# Records supplied

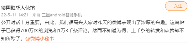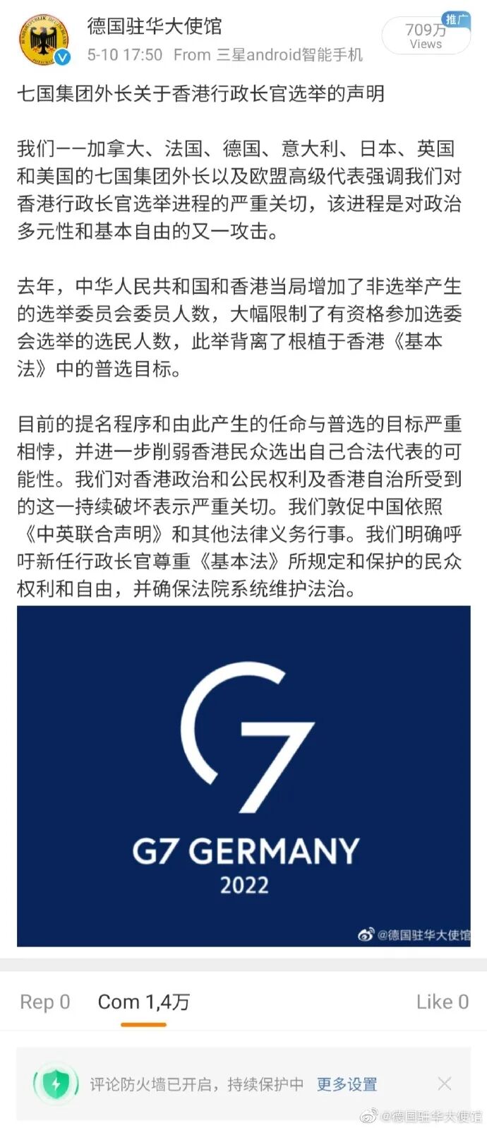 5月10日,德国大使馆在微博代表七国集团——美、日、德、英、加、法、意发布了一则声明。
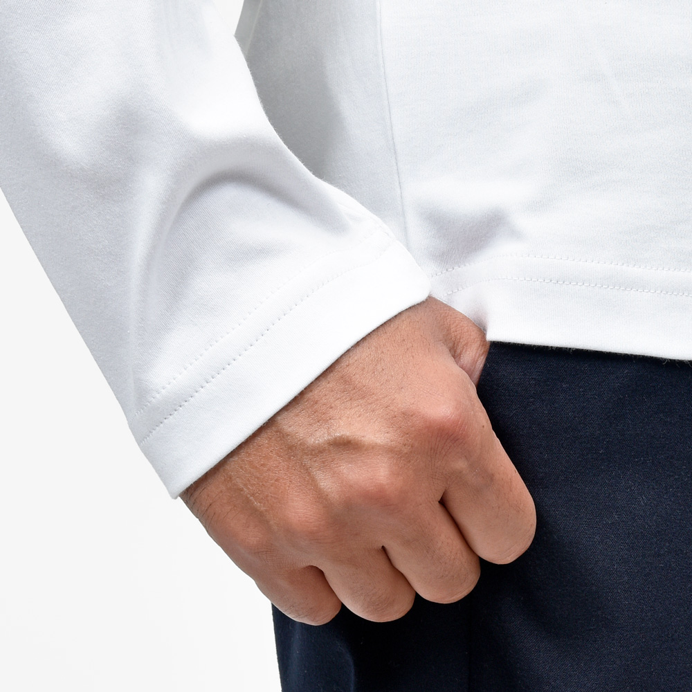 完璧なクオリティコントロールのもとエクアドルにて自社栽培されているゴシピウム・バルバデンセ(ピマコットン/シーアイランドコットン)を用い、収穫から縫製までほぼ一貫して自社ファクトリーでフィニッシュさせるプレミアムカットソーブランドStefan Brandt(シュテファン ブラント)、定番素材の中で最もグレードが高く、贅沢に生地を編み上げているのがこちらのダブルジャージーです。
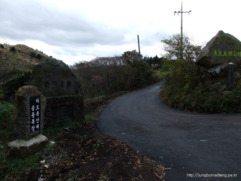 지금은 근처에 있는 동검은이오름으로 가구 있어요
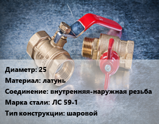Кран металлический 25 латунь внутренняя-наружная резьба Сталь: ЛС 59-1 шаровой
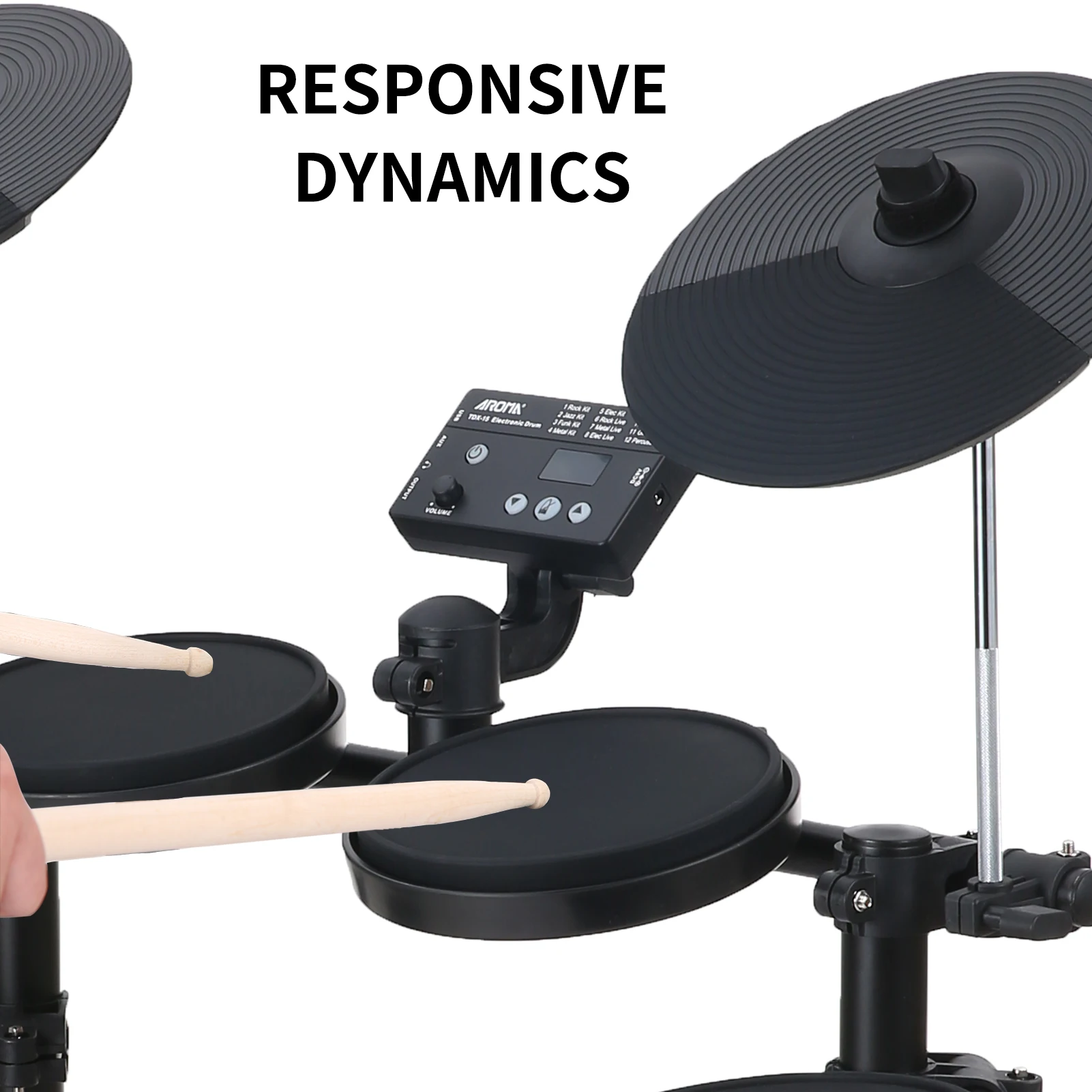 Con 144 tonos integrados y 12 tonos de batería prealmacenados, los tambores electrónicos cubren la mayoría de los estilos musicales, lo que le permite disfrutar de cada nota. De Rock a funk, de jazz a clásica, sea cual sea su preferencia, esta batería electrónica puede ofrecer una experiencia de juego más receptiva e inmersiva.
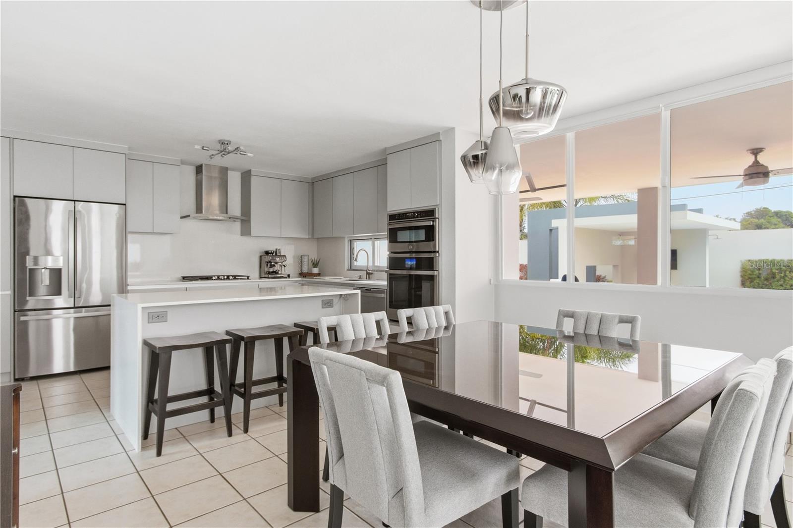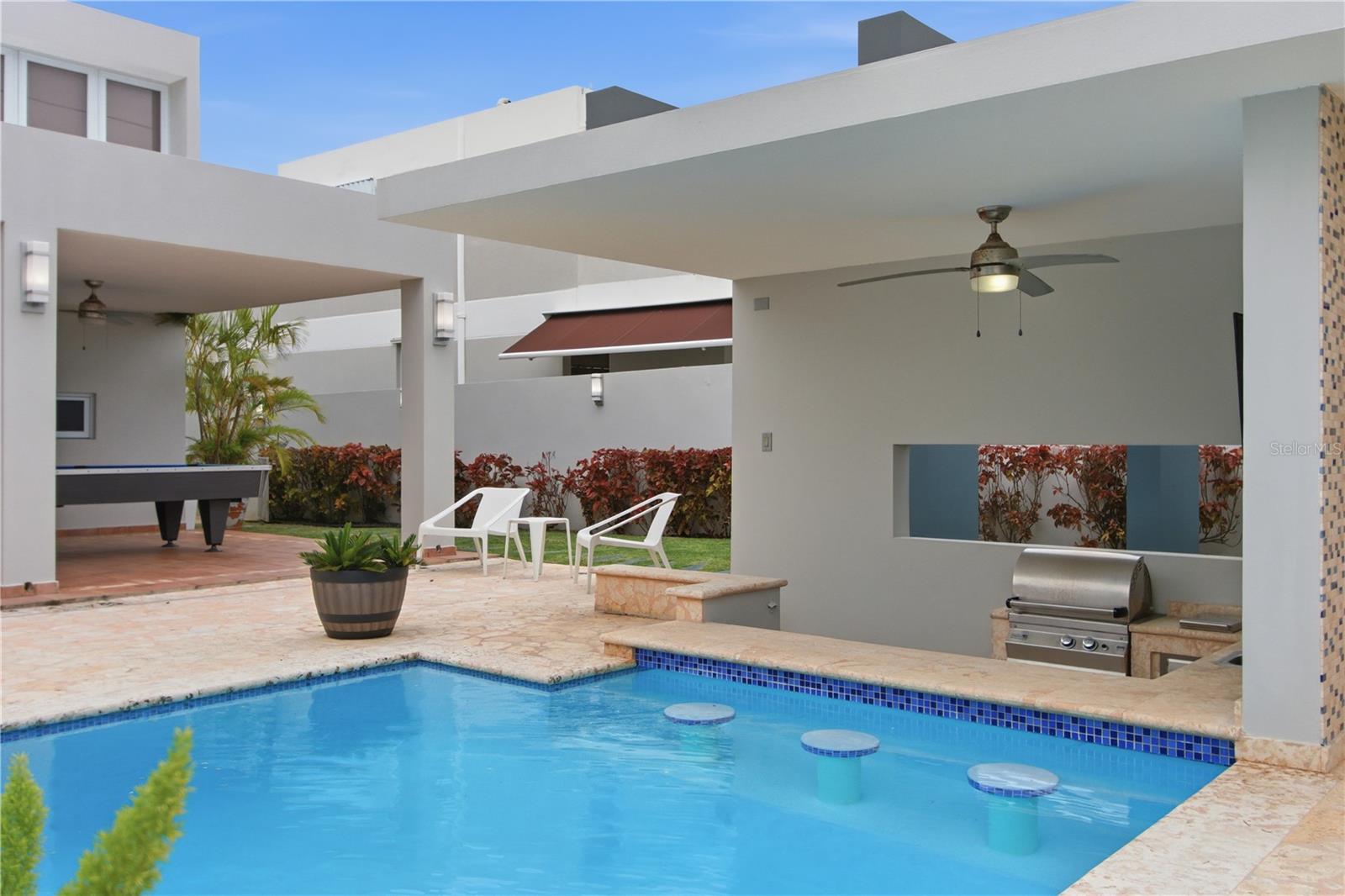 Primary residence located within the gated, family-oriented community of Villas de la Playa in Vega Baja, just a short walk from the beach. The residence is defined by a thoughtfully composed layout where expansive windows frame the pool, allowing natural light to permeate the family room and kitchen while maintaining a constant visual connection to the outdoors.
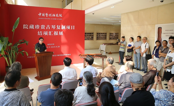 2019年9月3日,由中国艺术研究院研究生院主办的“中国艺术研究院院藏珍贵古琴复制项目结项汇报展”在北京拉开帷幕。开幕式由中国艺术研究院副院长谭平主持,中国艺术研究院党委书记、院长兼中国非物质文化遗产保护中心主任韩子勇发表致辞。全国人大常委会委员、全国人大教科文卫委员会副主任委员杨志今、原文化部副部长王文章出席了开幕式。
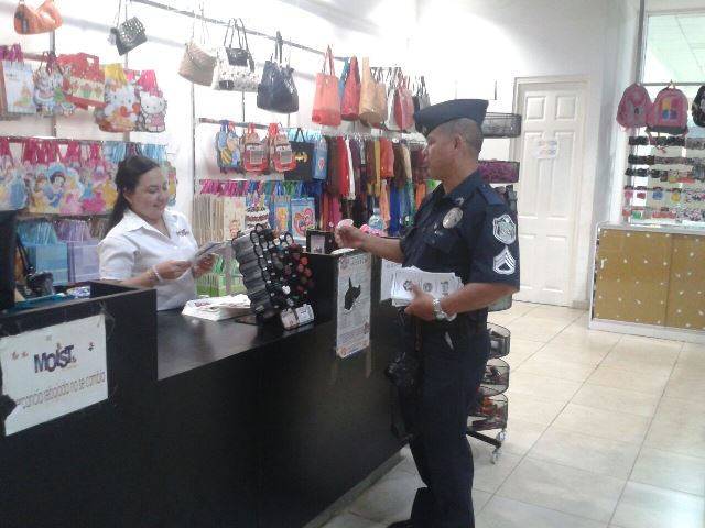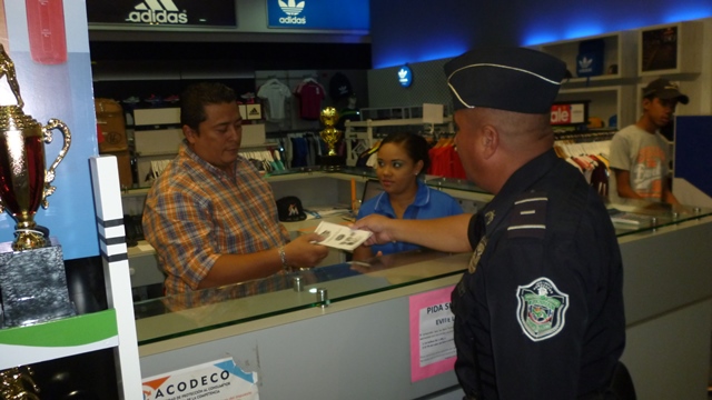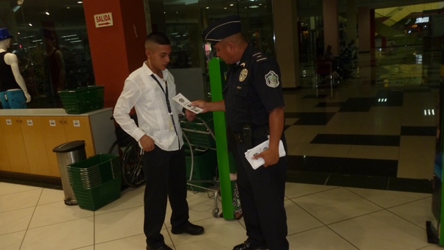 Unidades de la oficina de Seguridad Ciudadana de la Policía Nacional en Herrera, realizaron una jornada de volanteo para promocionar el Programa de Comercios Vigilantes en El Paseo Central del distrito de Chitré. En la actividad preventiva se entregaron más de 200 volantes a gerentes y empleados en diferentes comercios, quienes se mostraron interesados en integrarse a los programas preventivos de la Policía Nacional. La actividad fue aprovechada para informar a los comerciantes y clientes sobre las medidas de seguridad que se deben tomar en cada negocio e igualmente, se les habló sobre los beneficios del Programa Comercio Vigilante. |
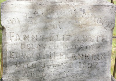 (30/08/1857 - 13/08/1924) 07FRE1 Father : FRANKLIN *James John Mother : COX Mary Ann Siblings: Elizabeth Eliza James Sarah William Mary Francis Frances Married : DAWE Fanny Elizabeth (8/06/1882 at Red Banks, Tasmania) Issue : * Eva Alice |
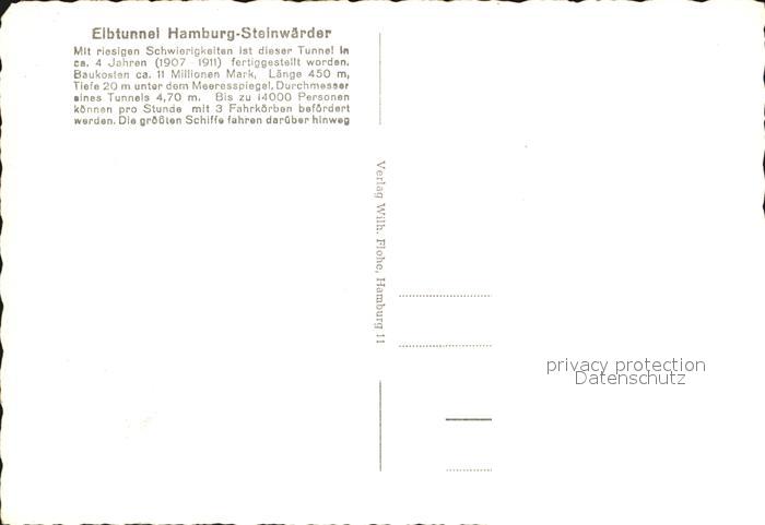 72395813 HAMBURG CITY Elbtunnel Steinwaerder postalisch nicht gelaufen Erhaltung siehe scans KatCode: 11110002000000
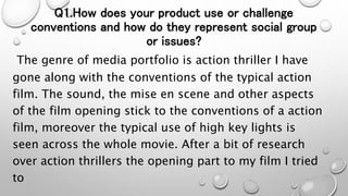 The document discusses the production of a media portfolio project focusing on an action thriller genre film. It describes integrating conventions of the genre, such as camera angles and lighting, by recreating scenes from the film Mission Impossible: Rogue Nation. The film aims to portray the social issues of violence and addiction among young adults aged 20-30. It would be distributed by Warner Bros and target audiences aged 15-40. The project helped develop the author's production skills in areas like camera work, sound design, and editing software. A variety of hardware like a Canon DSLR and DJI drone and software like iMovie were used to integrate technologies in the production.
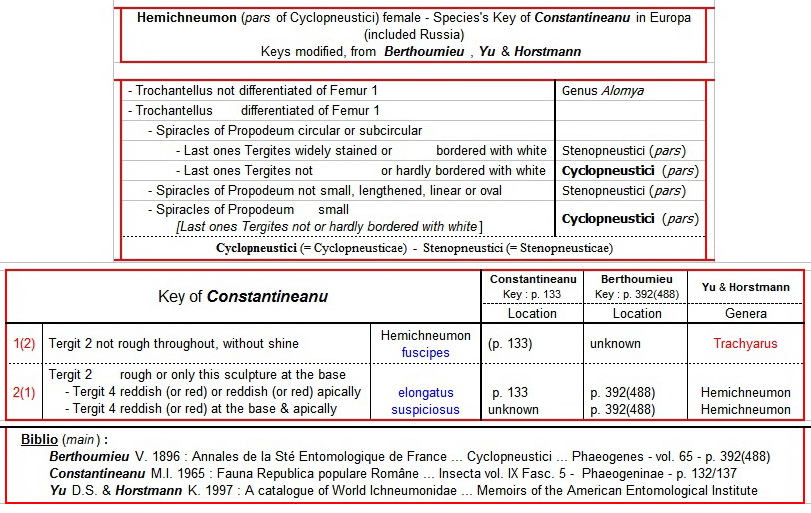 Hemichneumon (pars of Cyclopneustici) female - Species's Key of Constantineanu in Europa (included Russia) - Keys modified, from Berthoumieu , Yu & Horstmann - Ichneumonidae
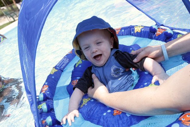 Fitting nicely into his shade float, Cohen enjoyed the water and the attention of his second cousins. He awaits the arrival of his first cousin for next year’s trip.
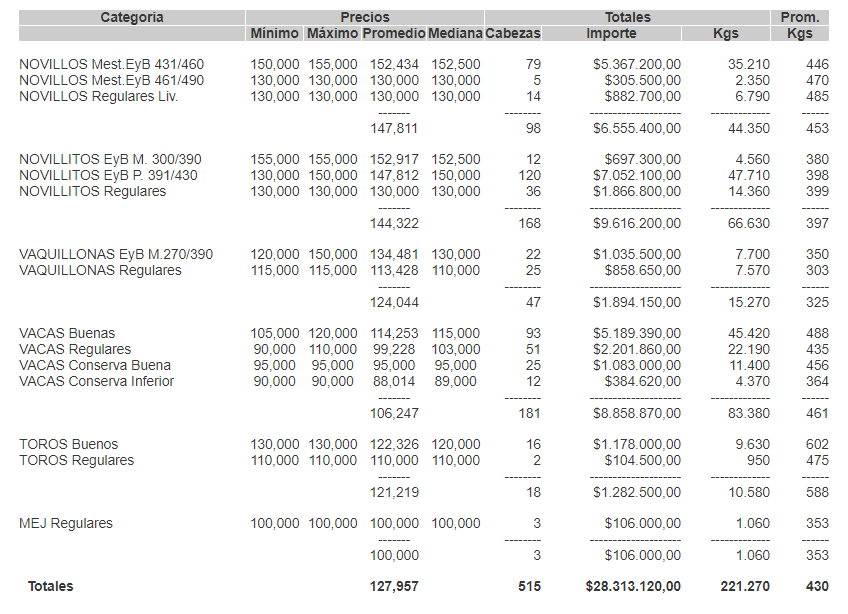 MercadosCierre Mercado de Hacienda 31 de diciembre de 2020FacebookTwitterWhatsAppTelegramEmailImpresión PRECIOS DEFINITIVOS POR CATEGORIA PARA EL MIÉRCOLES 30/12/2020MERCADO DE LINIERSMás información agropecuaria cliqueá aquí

# Exercise goal
In the answer, repeat exactly the lines from the top of the entries above through the line with "지금은 근처에 있는 동검은이오름으로 가구 있어요", and leave pictures out of it.

# Task result
 5月10日,德国大使馆在微博代表七国集团——美、日、德、英、加、法、意发布了一则声明。
 完璧なクオリティコントロールのもとエクアドルにて自社栽培されているゴシピウム・バルバデンセ(ピマコットン/シーアイランドコットン)を用い、収穫から縫製までほぼ一貫して自社ファクトリーでフィニッシュさせるプレミアムカットソーブランドStefan Brandt(シュテファン ブラント)、定番素材の中で最もグレードが高く、贅沢に生地を編み上げているのがこちらのダブルジャージーです。
 지금은 근처에 있는 동검은이오름으로 가구 있어요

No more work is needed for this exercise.